● PROVIDED RECORDS
____________

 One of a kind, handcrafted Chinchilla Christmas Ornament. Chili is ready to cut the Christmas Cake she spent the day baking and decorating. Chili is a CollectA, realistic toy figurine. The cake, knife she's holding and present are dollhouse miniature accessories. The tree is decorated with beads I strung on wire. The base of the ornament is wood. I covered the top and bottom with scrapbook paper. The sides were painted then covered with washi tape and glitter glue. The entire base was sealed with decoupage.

____________

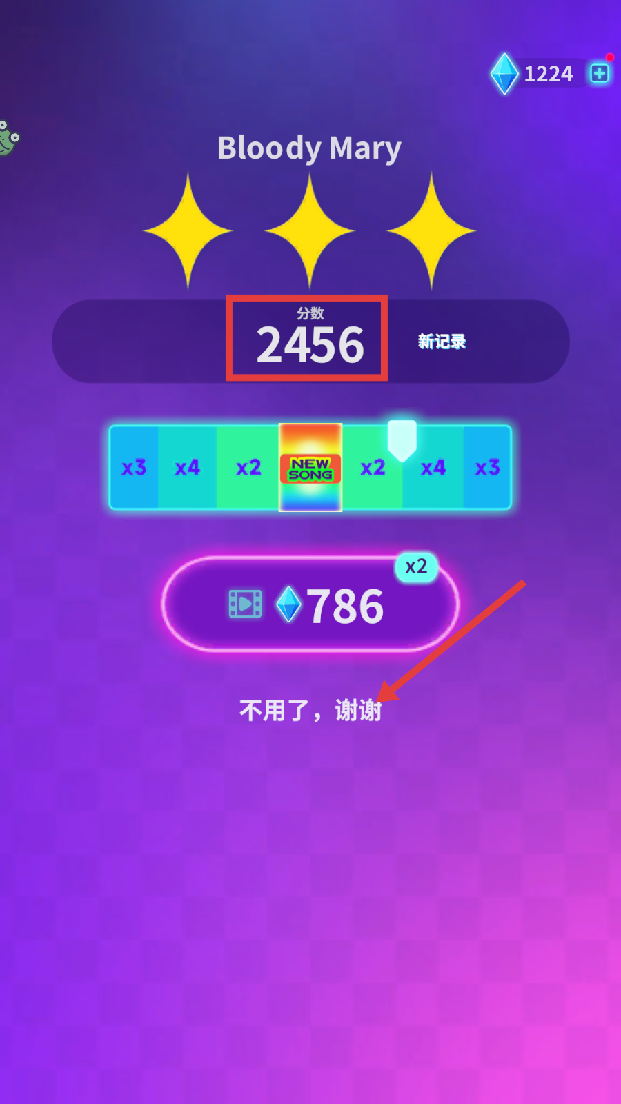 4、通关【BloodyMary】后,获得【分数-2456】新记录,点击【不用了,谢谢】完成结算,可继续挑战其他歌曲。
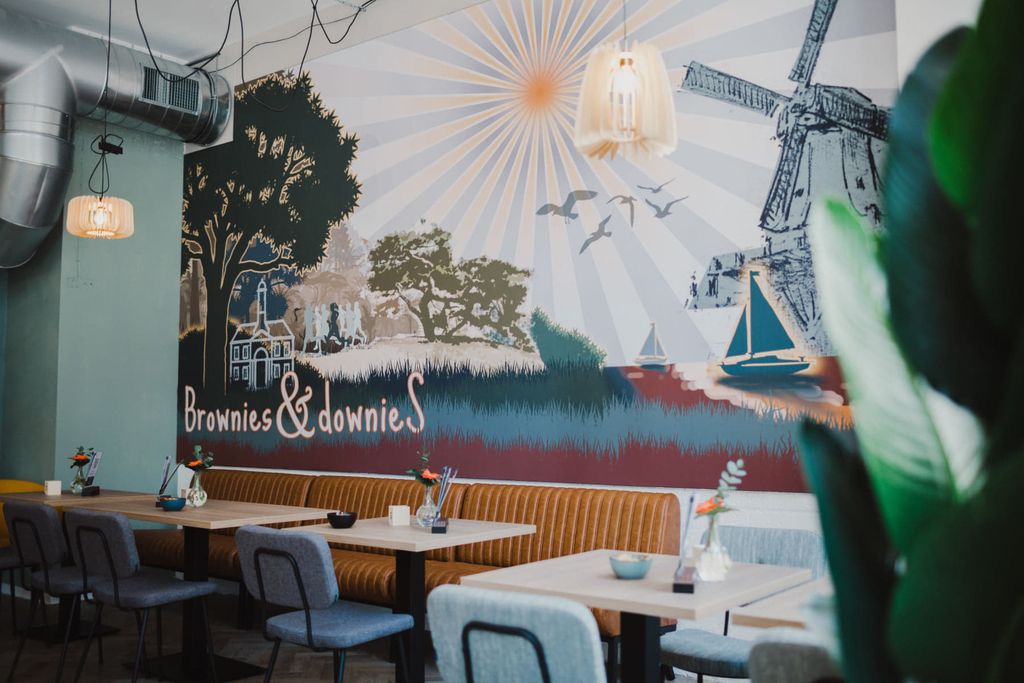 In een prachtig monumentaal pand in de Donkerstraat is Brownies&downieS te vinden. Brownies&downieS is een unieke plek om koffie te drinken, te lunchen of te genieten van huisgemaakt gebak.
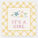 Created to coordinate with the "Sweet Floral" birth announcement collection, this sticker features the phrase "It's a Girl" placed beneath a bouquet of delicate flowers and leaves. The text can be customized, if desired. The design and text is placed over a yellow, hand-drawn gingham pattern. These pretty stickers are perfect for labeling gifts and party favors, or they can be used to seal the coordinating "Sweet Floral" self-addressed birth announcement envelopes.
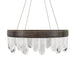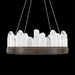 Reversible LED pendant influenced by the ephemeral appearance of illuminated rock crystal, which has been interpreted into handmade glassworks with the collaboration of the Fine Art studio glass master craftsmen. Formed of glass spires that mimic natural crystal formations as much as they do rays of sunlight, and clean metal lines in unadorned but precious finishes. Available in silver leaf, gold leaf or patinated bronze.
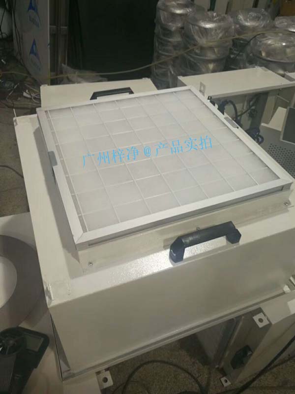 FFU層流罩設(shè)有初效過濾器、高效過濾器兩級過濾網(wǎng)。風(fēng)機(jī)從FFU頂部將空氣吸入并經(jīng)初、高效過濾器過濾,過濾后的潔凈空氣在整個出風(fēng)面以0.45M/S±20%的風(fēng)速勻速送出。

____________

● TASK TO COMPLETE
Above are some records. Output exactly the lines from the one that contains "Created to coordinate" to the one that contains "Reversible LED pendant", keeping both, and omit the pictures.

● WRITTEN REPLY
 Created to coordinate with the "Sweet Floral" birth announcement collection, this sticker features the phrase "It's a Girl" placed beneath a bouquet of delicate flowers and leaves. The text can be customized, if desired. The design and text is placed over a yellow, hand-drawn gingham pattern. These pretty stickers are perfect for labeling gifts and party favors, or they can be used to seal the coordinating "Sweet Floral" self-addressed birth announcement envelopes.
 Reversible LED pendant influenced by the ephemeral appearance of illuminated rock crystal, which has been interpreted into handmade glassworks with the collaboration of the Fine Art studio glass master craftsmen. Formed of glass spires that mimic natural crystal formations as much as they do rays of sunlight, and clean metal lines in unadorned but precious finishes. Available in silver leaf, gold leaf or patinated bronze.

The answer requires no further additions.